This project is currently unnamed and very early, so I'm not sure about sharing it anywhere more official until I've written more and gotten a better handle on it. But I'm happy with it so far. Synopsis: A suicidally depressed man discovers a dying fallen angel in the woods. In nursing it back to health, he not only finds a reason to keep living, but discovers a darkness in his heart he'd never even imagined. Massive CW for suicide, depression, alcoholism, religious imagery, and a little gore.

Every day when the early morning sun was hovering just below the horizon (on the days he wasn't blackout drunk), Samson would put the noose around his neck. He'd originally tied it what, a month ago? It could have been two or three by now, as a cocktail of SSRIs and vodka had started to turn time into a haze of half-remembered days. The calendar on the wall was two years out of date, the clock on the stove blinked all zeroes after a power outage (he didn't have the manual to figure out how to reset it), and his cell phone was at the bottom of the lake out front.
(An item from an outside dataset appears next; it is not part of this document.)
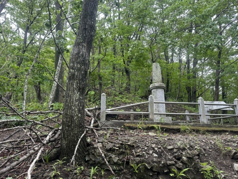 오잉? 비석(?) 뒤로 등산로 있어요!

Samson learned how to tie a noose in Scouts. Or more accurately, he figured it out himself fucking around with ropes while the other kids were following instructions. It had been a poor approximation of the real thing as used for generations of cruelty, but he'd tied it secure and gotten it to tighten around another boy's neck. It was a joke, obviously, but they didn't see it that way. That was the last time he went to Scouts, but only the first of many nooses he'd tie over two decades. This one felt nice and strong, secured to a beam in the roof of the old cottage's attic with a stiff hitch knot. It was an old polypropylene rope his daddy used to use to keep the boat in place by the docks. Maybe the reason he hadn't kicked out that stepladder yet was the image of this stupid fucking blue-and-yellow striped rope around his rotting corpse-neck when they found him, bloated and maggot-ridden and leaking fluids all over the attic floorboards. "What a pathetic bastard," they'd say, and they'd be spot on. But the walk to the hardware store was long, and he sold the truck to stock up on liquor, so he was caught between laziness and his last remaining shreds of dignity.